→ To do:
Please repeat the records beneath this task exactly as they appear, but skip the images.

→ Study material:
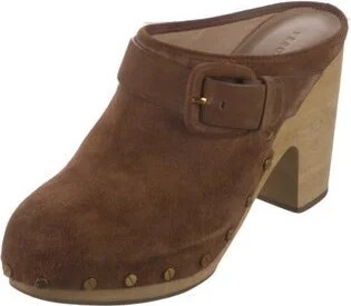 Veronica Beard Suede Mules Brown Semi-Pointed Toes with Studded Accents Platform Crossover Straps & Buckle Closure At Uppers
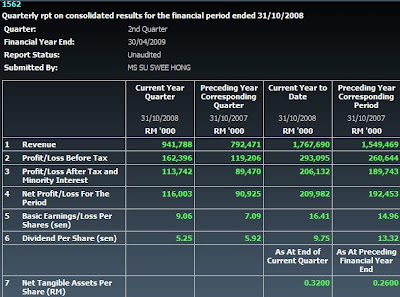 以上是NTPM近两季的业绩,我认为如果投资在NTPM也一个不错的选择,好处是比定期来得多,但NTPM不是一件大起大落的股,成交量也不多。。NTPM的大股东除了是NTPM本身之外,lembaga tabung haji也频频扫货,股份预料也应该有7%以上。。
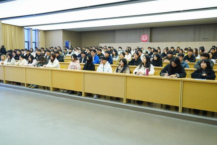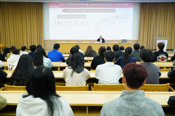 伍有其围绕党的二十届四中全会精神核心要义,结合自身工作经验,从全会召开的重大意义、核心内容以及“十五五”的实践要求等方面展开深入解读。他以精准透彻的论述、生动鲜活的案例,将宏大的政策理念与南昌县小蓝经开区高质量发展实践相结合,让在场师生对全会精神有了更为全面、深刻的理解。
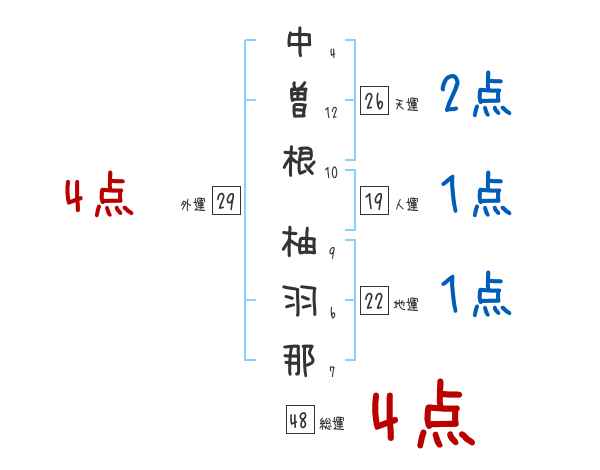 中曽根柚羽那さんの画数の鑑定結果
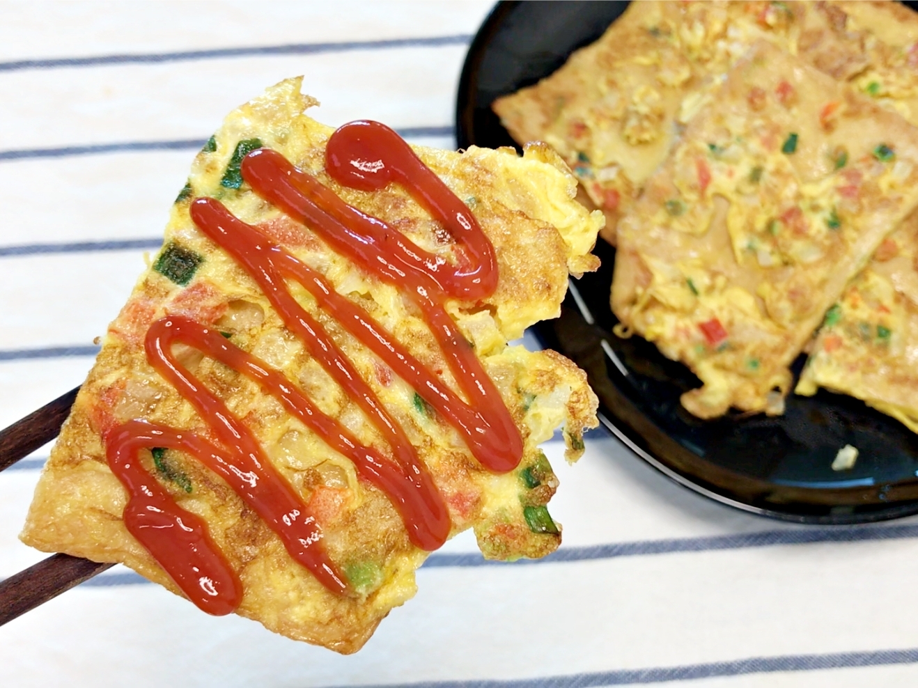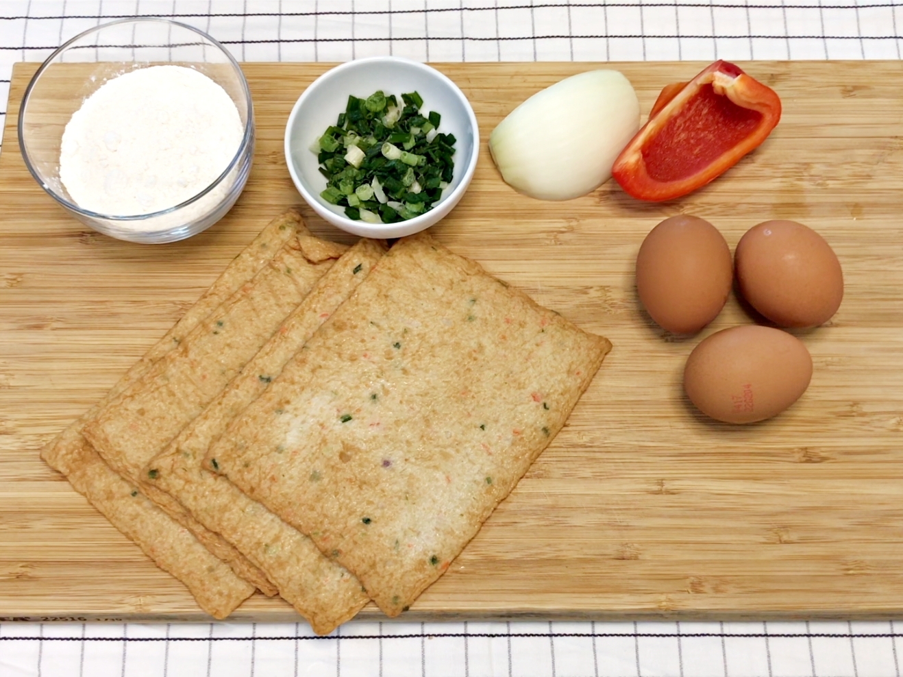 재료는 사각어묵, 달걀, 밀가루, 양파, 파프리카, 쪽파에요.
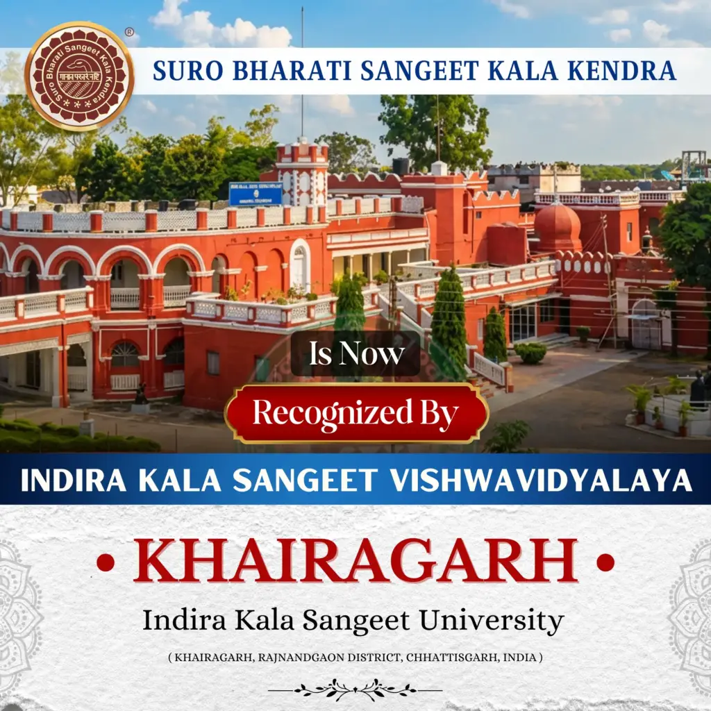 Suro Bharati Sangeet Kala Kendra is now recognized by Indira Kala Sangeet Vishwavidyalaya, Khairagarh (Chhattisgarh).This recognition affirms the credibility of our examination system, the authenticity of our certification process, and the integrity with which we evaluate students’ cultural knowledge and skills.
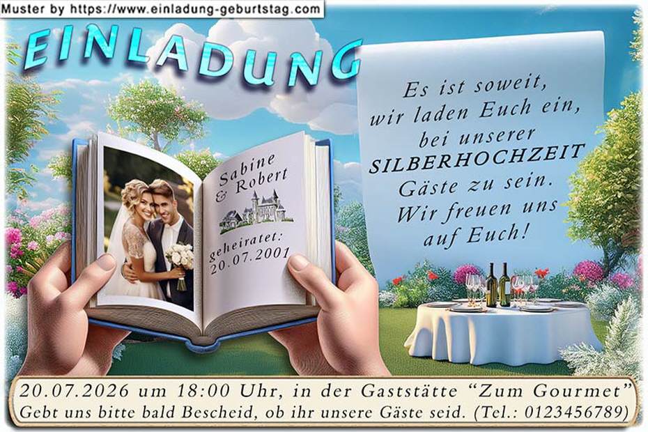 Beispiel: Es ist soweit, wir laden Euch ein, bei unserer SILBERHOCHZEIT Gäste zu sein. Wir freuen uns auf Euch!
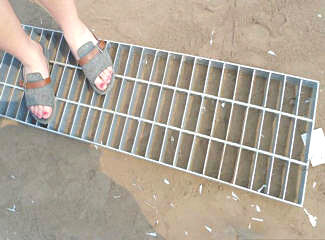 2、T2踏步板:由負(fù)載扁鋼和橫桿按一定間距經(jīng)緯排列,兩邊帶側(cè)板螺栓固定的踏步。
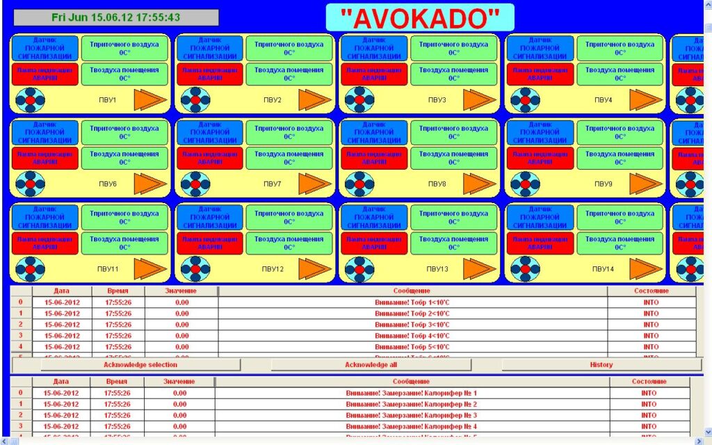 Контроллеры вентиляции объеденены в локальную сеть. Вся информация выводится на пульт оператара.
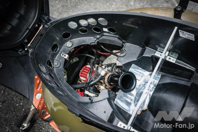 180cc仕様のエンジンには、ダウンドラフトタイプのスロットルボディから混合気が送られる。シート下は仕切り板の後方だけ荷物を積載できる仕様となっている。
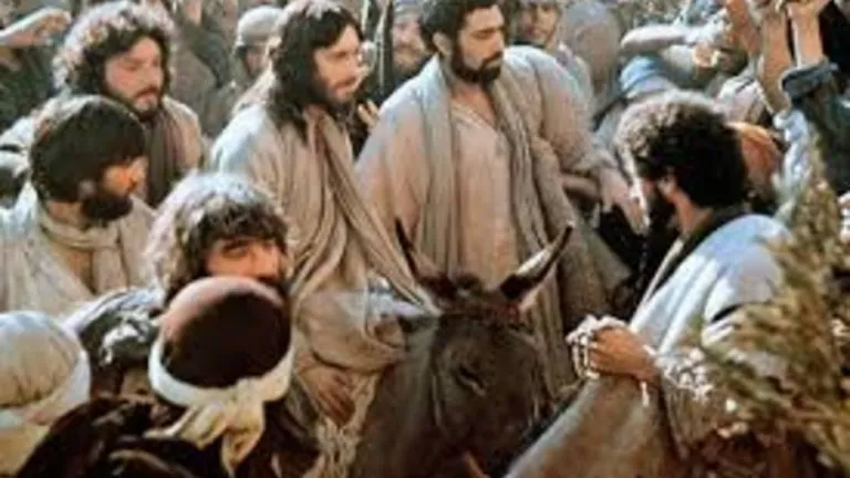 Cuando llegaon a Betfagé, cerca dle Monte d elos Olivos Jesús se detuvo con sus discípulos y mnandó dos de ellos a que le trajesen en una casa concreta un pollino atado. También les advirtió que si alguien les pedía explicaciones dijesen que era para el Señor y que lo devolvería pronto. Así sucedió todo. Entonces cuando subió montado en la borriquilla la gente y los niños salieron a su encuentro aclamándolo con ramos de olivo y gritando Bendito el que viene en el nombre del Señor. Hoy la Liturgia adopta la Iglesia Madre de de Jerusalén y la Romana. Por parte de la Iglesia de Jerusalén proclama el Evangelio de la Entrada en jerusalén correspondiente a San Marcos en el ciclo B, o San Juan. También asume desde la Liturgia Romana la Lectura de la Pasión según San Marcos.
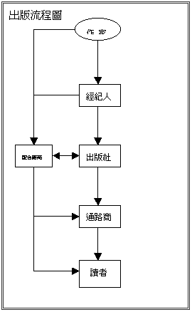 出版的流程有很多種說法,在電子出版的探討中,本處以「人」為基礎作簡單的說明;同時,「人」包括「自然人」如作家、經紀人、讀者,及「法人」如出版設、通路商、配合廠商。
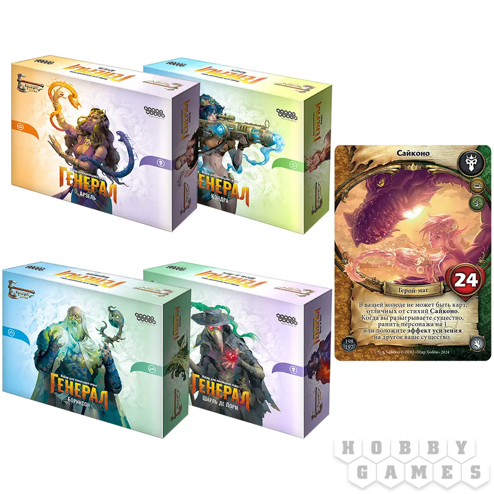 В этом наборе вас ждут: "Берсерк. Герои. Генерал: Арзель", "Берсерк. Герои. Генерал: Бориксон", "Берсерк. Герои. Генерал: Кэндра", "Берсерк. Герои. Генерал: Шарль де Лорм" и редкая фойловая карта "Сайконо". Иначе говоря, 5 источников серотонина и дофамина, знакомых каждому игроку, который хоть раз покупал какую-нибудь новенькую настолку.

→ Solution to this task:
 Veronica Beard Suede Mules Brown Semi-Pointed Toes with Studded Accents Platform Crossover Straps & Buckle Closure At Uppers
 以上是NTPM近两季的业绩,我认为如果投资在NTPM也一个不错的选择,好处是比定期来得多,但NTPM不是一件大起大落的股,成交量也不多。。NTPM的大股东除了是NTPM本身之外,lembaga tabung haji也频频扫货,股份预料也应该有7%以上。。
 伍有其围绕党的二十届四中全会精神核心要义,结合自身工作经验,从全会召开的重大意义、核心内容以及“十五五”的实践要求等方面展开深入解读。他以精准透彻的论述、生动鲜活的案例,将宏大的政策理念与南昌县小蓝经开区高质量发展实践相结合,让在场师生对全会精神有了更为全面、深刻的理解。
 中曽根柚羽那さんの画数の鑑定結果
 재료는 사각어묵, 달걀, 밀가루, 양파, 파프리카, 쪽파에요.
 Suro Bharati Sangeet Kala Kendra is now recognized by Indira Kala Sangeet Vishwavidyalaya, Khairagarh (Chhattisgarh).This recognition affirms the credibility of our examination system, the authenticity of our certification process, and the integrity with which we evaluate students’ cultural knowledge and skills.
 Beispiel: Es ist soweit, wir laden Euch ein, bei unserer SILBERHOCHZEIT Gäste zu sein. Wir freuen uns auf Euch!
 2、T2踏步板:由負(fù)載扁鋼和橫桿按一定間距經(jīng)緯排列,兩邊帶側(cè)板螺栓固定的踏步。
 Контроллеры вентиляции объеденены в локальную сеть. Вся информация выводится на пульт оператара.
 180cc仕様のエンジンには、ダウンドラフトタイプのスロットルボディから混合気が送られる。シート下は仕切り板の後方だけ荷物を積載できる仕様となっている。
 Cuando llegaon a Betfagé, cerca dle Monte d elos Olivos Jesús se detuvo con sus discípulos y mnandó dos de ellos a que le trajesen en una casa concreta un pollino atado. También les advirtió que si alguien les pedía explicaciones dijesen que era para el Señor y que lo devolvería pronto. Así sucedió todo. Entonces cuando subió montado en la borriquilla la gente y los niños salieron a su encuentro aclamándolo con ramos de olivo y gritando Bendito el que viene en el nombre del Señor. Hoy la Liturgia adopta la Iglesia Madre de de Jerusalén y la Romana. Por parte de la Iglesia de Jerusalén proclama el Evangelio de la Entrada en jerusalén correspondiente a San Marcos en el ciclo B, o San Juan. También asume desde la Liturgia Romana la Lectura de la Pasión según San Marcos.
 出版的流程有很多種說法,在電子出版的探討中,本處以「人」為基礎作簡單的說明;同時,「人」包括「自然人」如作家、經紀人、讀者,及「法人」如出版設、通路商、配合廠商。
 В этом наборе вас ждут: "Берсерк. Герои. Генерал: Арзель", "Берсерк. Герои. Генерал: Бориксон", "Берсерк. Герои. Генерал: Кэндра", "Берсерк. Герои. Генерал: Шарль де Лорм" и редкая фойловая карта "Сайконо". Иначе говоря, 5 источников серотонина и дофамина, знакомых каждому игроку, который хоть раз покупал какую-нибудь новенькую настолку.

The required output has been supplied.